Wonder Woman: Rebirth #1
Written by Greg Rucka
Art by Matthew Clark, Sean Parsons, Liam Sharp, Jeremy Colwell and Laura Martin
Lettering by Jodi Wynne
Published by DC Comics
'Rama Rating: 6 out of 10
Wonder Woman has consistently been a tough nut to crack for DC creators in recent years, with even a writer as heralded as Grant Morrison only being able to cobble together a fairly pedestrian take on the character in Wonder Woman: Earth One. But few have as glowing a reputation with the Amazing Amazon as Greg Rucka, who returns to Diana Prince with Wonder Woman: Rebirth, shouldering the weight of righting the "New 52"’s wrongs and making sense of "Rebirth"’s massive course correction in a mere 20 pages. But even for a talent like Rucka, this might be a bit much, with even his much-vaunted art team flagging behind this issue’s overlarge expectations.
But ultimately, this isn’t Greg Rucka’s fault — out of all the big characters in the DC lineup, Wonder Woman might be the one most in need of damage control, particularly after the previous poorly-received run by Meredith and David Finch. Unfortunately, it’s been a long time since Diana was a character that could really be boiled down to a single theme or maxim. Superman is truth and justice. Green Lantern is willpower. Spider-Man is power and responsibility. But what is Wonder Woman about? You could go a few different ways: equality, feminism, justice. In this special, Rucka lands firmly on Truth as the unifying theme of the title, and in the process, he sets out to undermine that idea. It’s a clever but frustrating bit as Rucka dredges readers through Diana Prince’s toxic last few years, sprinkling in some of the new wrinkles that DC Universe: Rebirth #1 and Justice League introduced before pulling the rug out from under readers in the final pages.

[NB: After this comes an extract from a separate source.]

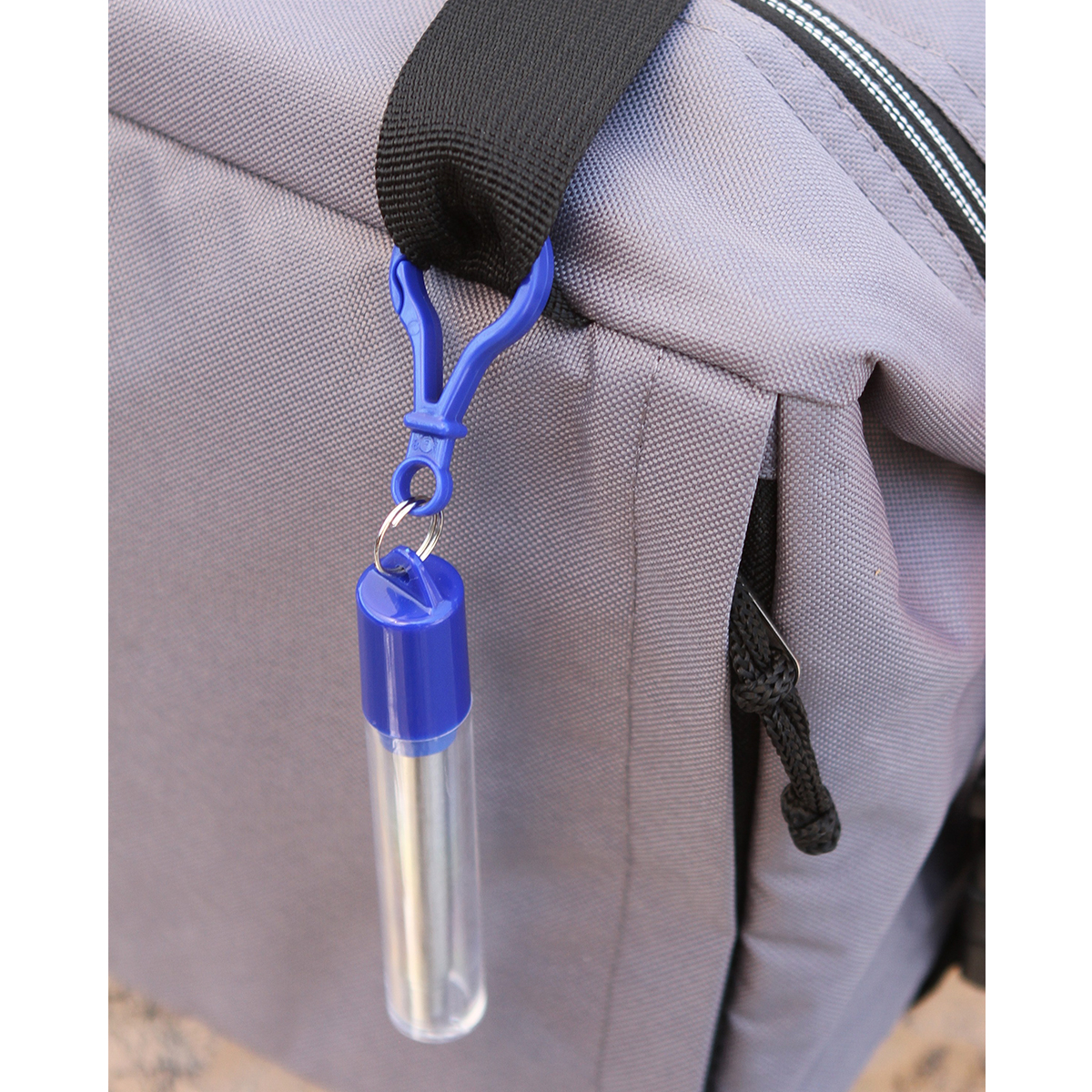 Popote metálico. - Popote retráctil reutilizable de acero inoxidable, contiene cepillo para fácil limpieza y practico estuche de acrílico con arnés para llevarlo a todas partes, se puede grabar en el popote y cuenta con un área amplia para impresión en el estuche. Son ideales para viajar y responsables con el medio ambiente.

Rucka makes Wonder Woman an unreliable lens through which to see her world, and even though her history wasn’t erased in the reboot, he’s allowing himself a way to pick and choose the events of the last five years of storytelling that he wants to keep or discard. While I think this comic doesn’t work in terms of being an entertaining story that will hold a reader’s interest over the course of 20 pages, I do think it puts Rucka in an enviable position compared to other writers in the new DCU. He’s essentially enabled himself to start from scratch. Of course, it’s hypothetical that the powers that be would even allow it. For instance, they’ve made a big deal about Diana’s twin brother, a fact that’s even mentioned in this very issue. But a detail like that seems like part of the journey rather than the destination. This is a very passive issue because it forces us to slog through pages and pages of recap with very little payoff. But there’s a chance it could lead to something interesting.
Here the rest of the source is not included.